China eyes freer financial markets to boost yuan role
China, the world's second-largest economy, is looking to increase investment and competition in its financial and banking sectors.
On Tuesday, it almost tripled the amount that international fund managers can invest in China to $80bn (£50bn).
At the same time, Premier Wen Jiabao told China National Radio that the monopoly of state-owned banks needed to be broken.
The shift may boost growth and create a more international Chinese currency.
Analysts have long said that opening up its financial markets was key to Beijing's efforts of pushing the yuan as an alternative to the US dollar as a global reserve currency.
The Qualified Foreign Institutional Investor (QFII) scheme is one of the main channels used by foreign firms to invest in Chinese financial markets.
The China Securities Regulatory Commission said raising the quota of the scheme was a step towards opening up the sector.

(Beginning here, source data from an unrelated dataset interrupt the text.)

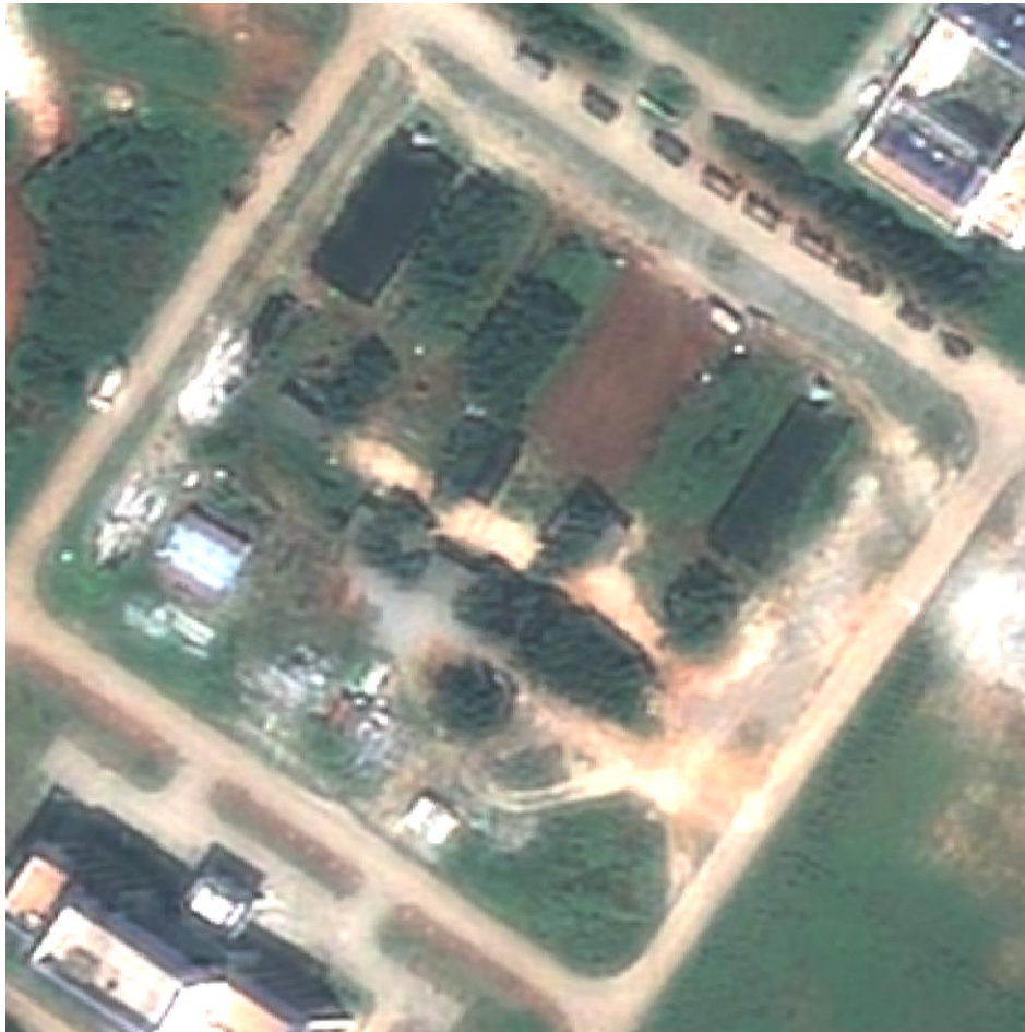
December 15, 2021

Two green rectangular structures removed, brown central structure with red stripe constructed, path from road to central structure added, addition of significant amount of sand. The sand, trucks and/or storage containers (along inner strip of sand) may indicate construction is still in progress.
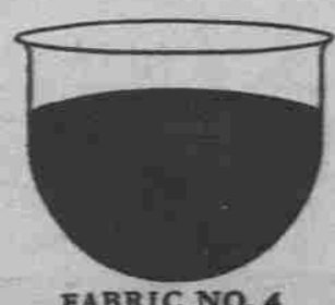
FABRIC NO. 4
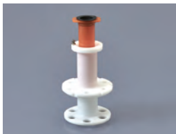
250AD-50S For 50 ml syringe
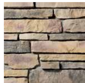
SOUTHEASTERN LEDGESTONE Wilmington S6175-5
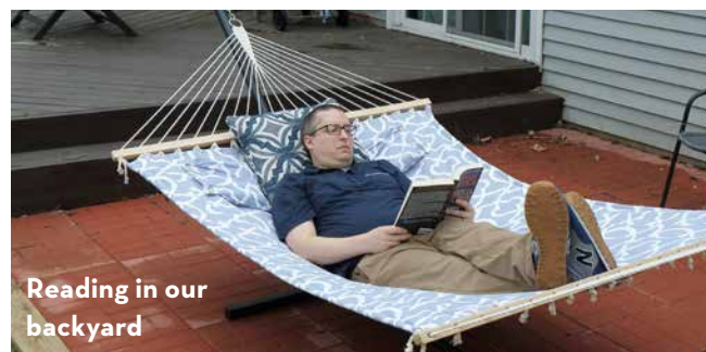
Reading in our backyard
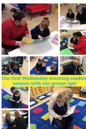
Parent reading buddies in Reception
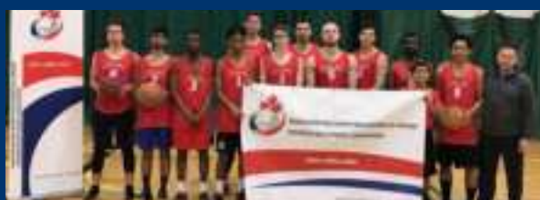
Team Canada Basketball Training Camp Edmonton, AB
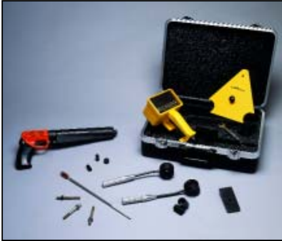
The Windsor HP Probe System.
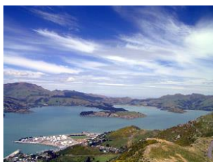
Christchurch Lyttelton Harbour

local field. They are now headed to Christchurch and then to Australia, Since our last letter we too have been to Christchurch and had a lovely time in this very picturesque English type city. Punting on the Avon, the Antarctic centre, the Port hills and Gondola and the old
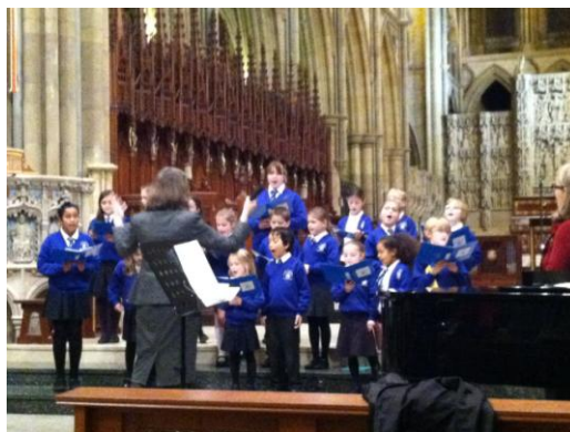
Our school choir singing in Truro cathedral Christmas 2013

Various clubs are run at lunch time and after school including: construction,, football (we hope to start this again in 2015/16), Heart-start, tag rugby, high 5/netball, multisports, tennis, Jump Dance, cooking, gardening, choir, recorders, ukulele. art and film club. Others may be run for short periods e.g. school band, Dangerous club, Goblin car building club.
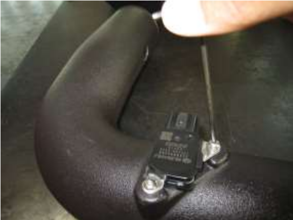
a. Install MAF sensor into intake tube(B) and secure with M4 button screws provided(K).
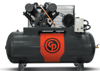
Two Stage Reciprocating Warranty - 2 Years
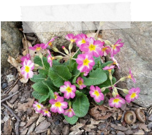
A primrose grows at Lee Garden.

They can be dropped off at the parking lot of the garden, under our kiosk there, or dropped to my porch, 47 Kelley Green, anytime. We will plant them at Lee for next year's bloom.

"The QFII programme enhances our experience of monitoring and regulating cross-board investment and capital flows," it said in a statement.
"It is a positive experiment to further open up the market and achieve the yuan convertibility under the capital account."'Far too easily'
In separate comments, Wen Jiabao hinted at allowing private investment in the country's banking sector.

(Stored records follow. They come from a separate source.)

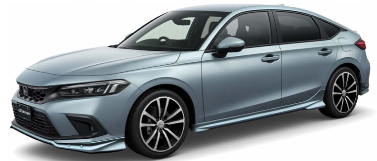
SONIC GREY PEARL
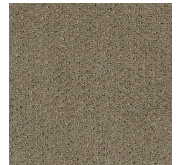
ALP75 Gentle Tau...
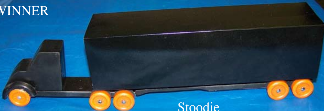
Stoodie Blind Mule Racing
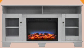
Cambridge® Electric Fireplace Entertainment Stand
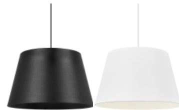
Textured Black / Black
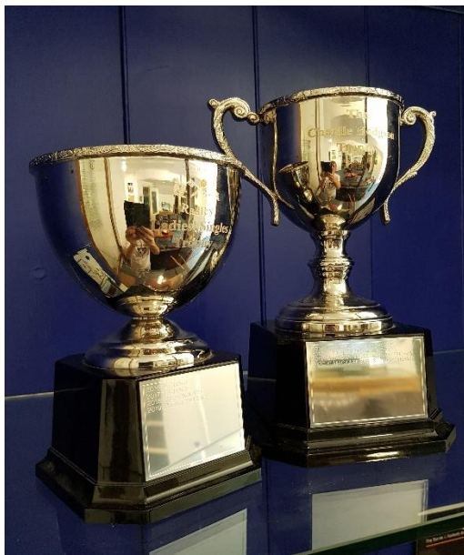
The RCTC Ladies Singles Trophy and the Charlie Hodgson Trophy for Handicap Doubles

The events to be included are: The Charlie Hodgson Trophy, a.k.a. 'The Hangover Doubles'; the Club Doubles; the Club Handicap Singles; the Ladies' Singles; and the Men's Singles competitions).
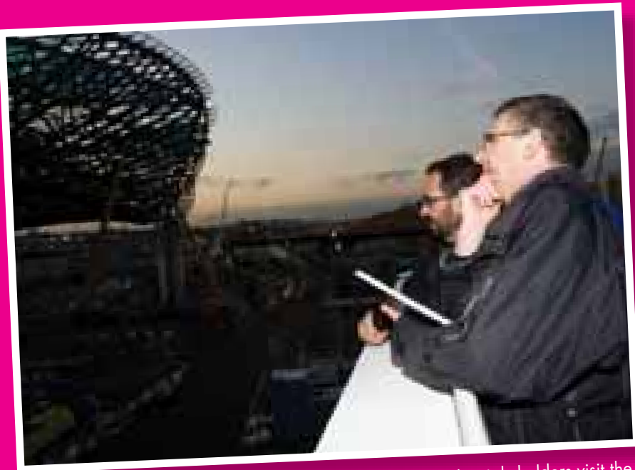
Olympic Park Engagement Network (OPEN) Local community stakeholders visit the Aquatics Centre as part of the biannual OPEN Meeting.
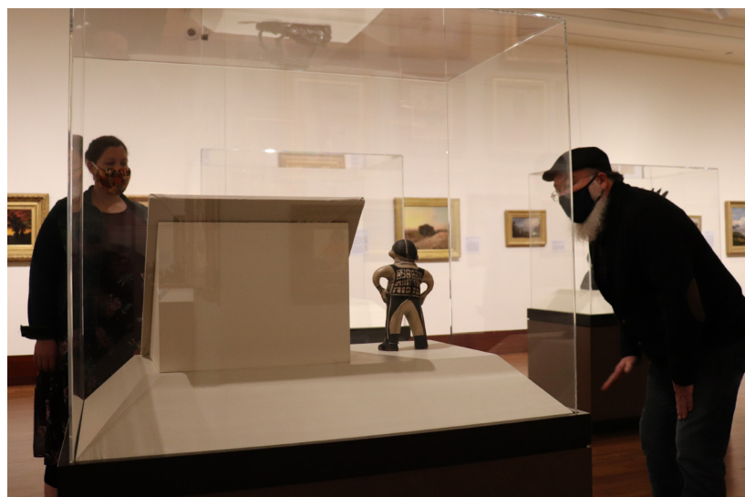
We can think about what I like most about it. Do I like the colors, or the shapes, or what it is showing me?

I can go home and make my own art too, and think about the cool things we saw at the museum while doing it!
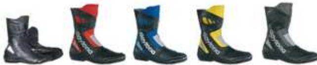
black black-red black-blue black-yellow black-gunmetal
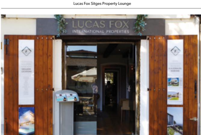
Lucas Fox Maresme Property Lounge, Alella
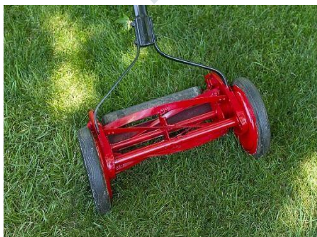
Figure: Cylindrical Blades

Cylinder lawn mowers have cylindrical blades that rotate vertically at the front of the mower. They cut against a fixed blade at the bottom. The cylinder should have multiple blades – three or more is best. Cylinder lawnmowers are best for flat lawns that you want to keep short and well-manicured. They can be electric, petrol-powered and push mowers.
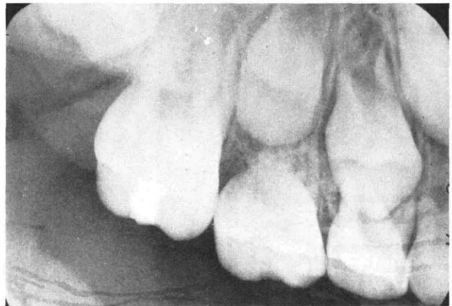
Figure 3. Radiograph of the corrected condition.

During the past two decades many methods for treating this condition (except for that of Croll and Barney 11 ), have been tried with varying degrees of success. The new simple appliance described in this paper is a combination of many previous treatment techniques. It effectively corrects the ectopically erupting permanent molars and promotes a normal eruptive path. Since two springs are utilized, an even force from both the buccal and lingual sides of the tooth is directed at approximately right angles to the long axis of the ectopically erupting first perma-
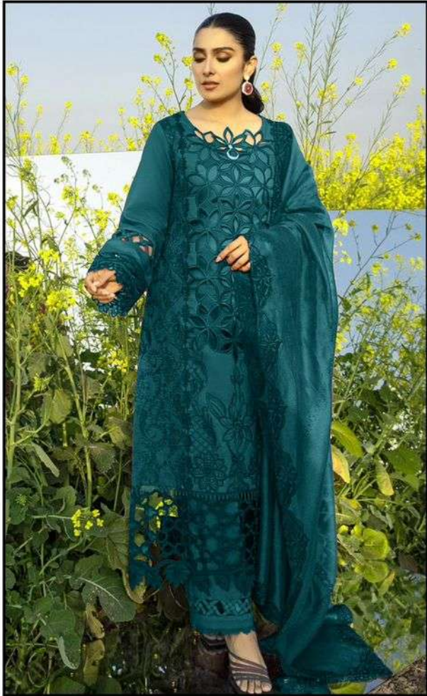
JT D.NO.154 B

TOP:- CAMBRIC COTTON WITH HEAVY EMBROIDERY WORK WITH (PERALS MOTI WORK)
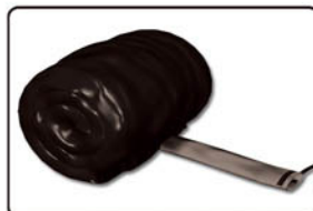
Step 4: Roll the game into a roll by starting at the front and working back towards the inflation tube.
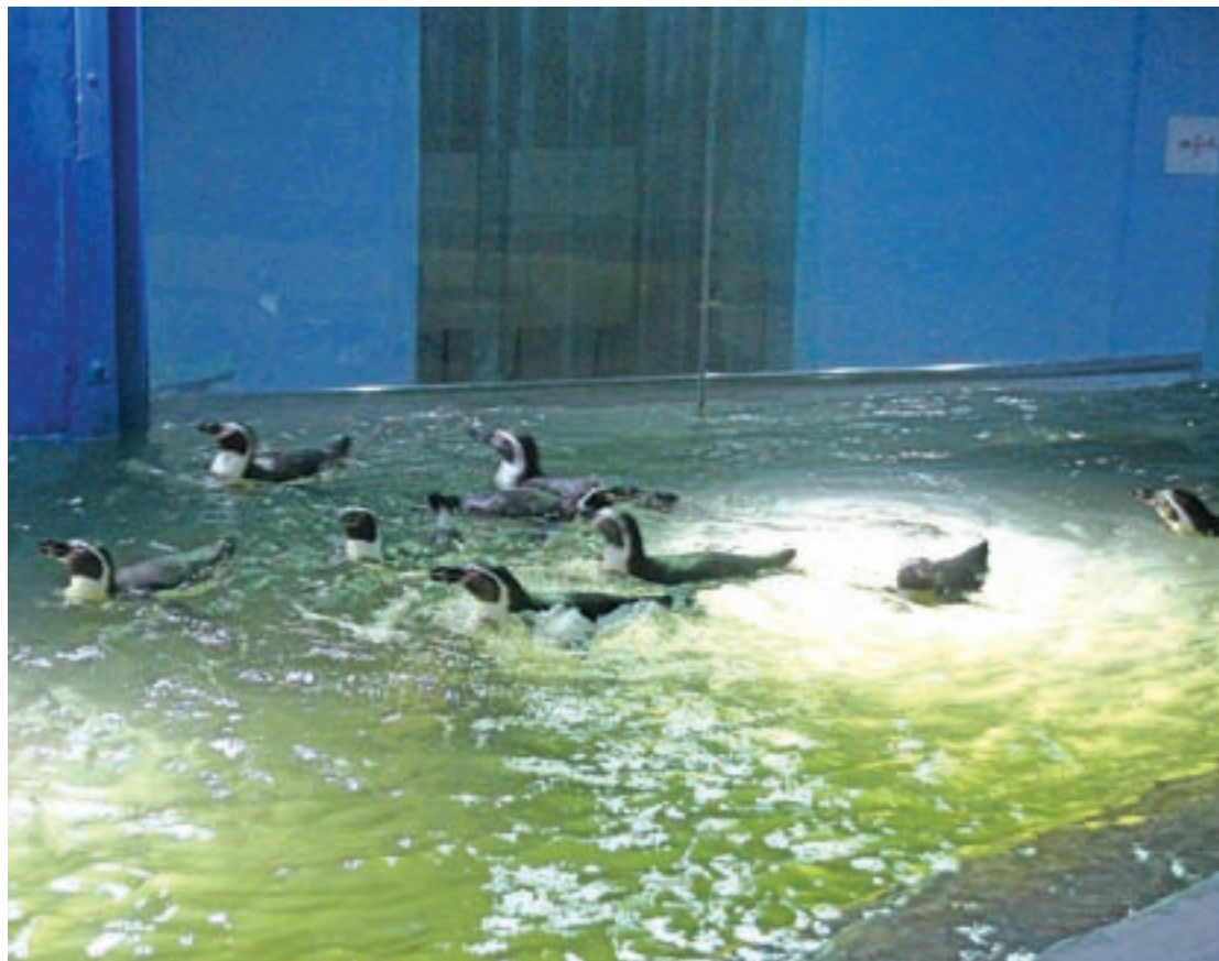
Humboldt Penguins seen swimming.

9 HUMBOLDT Penguins [Spheniscus Humboldti] (4 males and 5 females) to be shown to the public in Nay Pyi Taw Zoological Garden arrived at the Yangon International Airport on Thursday via Narita Airport, Japan.

The sector is dominated by the four big state-owned banks, including Industrial and Commercial Bank of China and Agricultural bank of China.
Mr Wen said that their monopoly was hurting businesses in the country, as they had few options to raise capital.
"Frankly, our banks make profits far too easily. Why? Because a small number of major banks occupy a monopoly position, meaning one can only go to them for loans and capital," he was quoted as saying by China National Radio.
"That's why right now, as we're dealing with the issue of getting private capital into the finance sector, essentially, that means we have to break up their monopoly."
The lack of easy availability of capital has often been cited as threat to growth of small and medium-sized businesses in China.
There have been fears that some of these businesses, seen as key to China's growth, may turn to unofficial sectors for capital, increasing their borrowing costs substantially.
However, other sources cast doubt on the possibility of a policy shift.
"Wen has one year left [in his term]," said an unnamed Chinese state banker quoted by the Reuters news agency.
"This is a task for the next generation of leaders. It cannot be accomplished within one year."'Provide stability'
The change in the QFII programme comes amid volatility in the Chinese stock markets.
The Shanghai Stock Exchange Composite Index fell more than 20% last year. It has since seen a small revival, gaining almost 3% so far this year.
"The longer-term issue is about the structural health of China's stock markets," Stephen Joske of Australia Super, an institutional investor, told the BBC.
"The hope is that allowing more foreign institutional investors, who are likely to have a more longer-term approach, will provide stability to the markets."